The thin-film microfluidic technology of the accordquick system uses a variety of advanced technical means to ensure a precise balance between high sensitivity and high specificity when detecting nucleic acids of different types of pathogens. The following is a detailed introduction:
The accordquick system's nucleic acid detection all-in-one machine uses a highly integrated microfluidic control unit, which can achieve precise microfluidic flow rate, flow direction, transfer, quantification and mixing control. This ensures that during the nucleic acid detection process, the reagents and samples can be mixed in a precise proportion and order, avoiding detection errors caused by inaccurate reagent dosage or uneven mixing, and laying the foundation for improving the sensitivity and specificity of the detection.
The thin-film microfluidic chip that can achieve 20-plex PCR joint detection capabilities integrates functions such as silicon membrane nucleic acid extraction, PCR amplification, and fluorescence quantitative real-time detection. The entire process of nucleic acid detection is carried out in a sealed thin-film microfluidic chip, and the entire detection is basically isolated from the environment, eliminating aerosol contamination and sample cross-contamination. This integrated design reduces the interference of external factors on the test results and ensures the specificity of the test. At the same time, the design of the chip can optimize the conditions for nucleic acid extraction and amplification, improve the capture and amplification efficiency of low-abundance pathogen nucleic acids, and thus improve the sensitivity of detection.
The system has a unique design in thermal cycle control. Taking the key factors that affect the heat transfer of microfluidic chips in similar studies, such as the sample volume in the chip PCR chamber, the thickness of the bonding film on both sides, and the heat transfer specific surface area, as an example, the specific design parameters of the chip were determined, thereby achieving a significant increase in the temperature change speed of biological reagents. Fast and accurate thermal cycles can complete PCR reactions in a shorter time and ensure that the temperature between different PCR cycles is highly consistent. This helps to improve amplification efficiency, reduce nonspecific amplification, make the test results more accurate and reliable, and balance sensitivity and specificity.
The detection reagents used in the system have been carefully optimized, and specific primers and probes have been designed for different types of pathogen nucleic acids. These primers and probes can accurately identify the target nucleic acid sequence and reduce cross-reactions with other non-target nucleic acids, thereby improving the specificity of detection. At the same time, the formulation of the reagents has been optimized to perform at its best in the environment of the microfluidic chip, improving the amplification efficiency and detection sensitivity of pathogen nucleic acids.

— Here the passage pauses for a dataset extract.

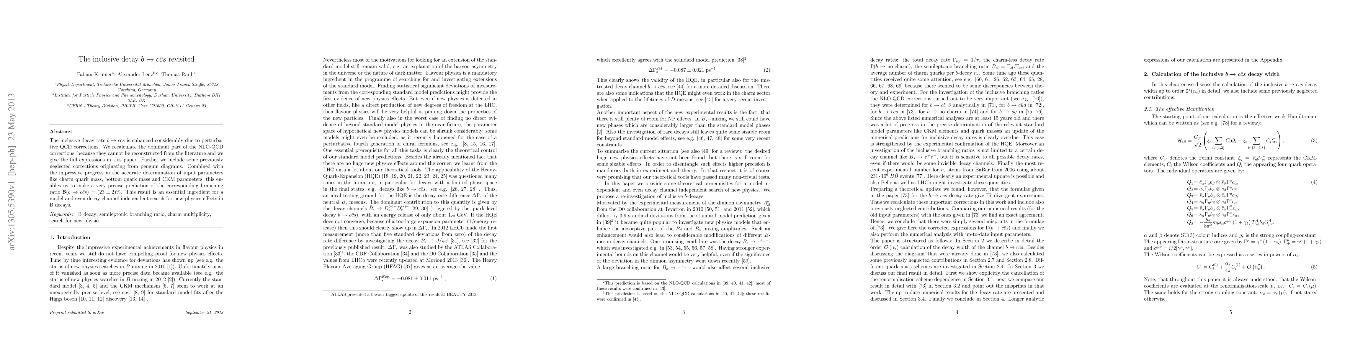 This paper recalculates the NLO-QCD corrections for the inclusive decay b to ccs, including previously neglected penguin diagram contributions, to provide a precise prediction of the branching ratio at 23 ± 2%. This refined prediction is crucial for detecting new physics in B decays.

The accordquick system uses real-time fluorescence quantitative detection technology to monitor the changes in fluorescence signals in real time during PCR amplification. Through the precise measurement and analysis of the fluorescence signal, the presence and content of the pathogen nucleic acid can be accurately determined. This real-time monitoring method can detect weak fluorescence signals in time and improve the sensitivity of detection. At the same time, by setting a reasonable fluorescence threshold and data analysis algorithm, the interference of nonspecific fluorescence signals can be eliminated to ensure the specificity of detection.
During the design and production of the system, strict quality control standards are followed. The manufacturing process of the microfluidic chip is strictly controlled to ensure the dimensional accuracy, surface quality and performance consistency of the chip. At the same time, the detection reagents are strictly quality tested to ensure the stability and accuracy of the reagents. In addition, the system may also be equipped with internal calibration and quality monitoring functions, which can monitor the performance of the system in real time during the detection process, detect and correct possible errors in time, and ensure the reliability of the detection results.
The system is equipped with professional data analysis algorithms that can accurately analyze and process the fluorescence signal data obtained by the detection. These algorithms can remove background noise, correct fluorescence signals, and improve the sensitivity of detection. At the same time, through learning and analyzing a large amount of known sample data, the algorithm can establish an accurate discrimination model to distinguish specific signals from non-specific signals, thereby ensuring the specificity of detection.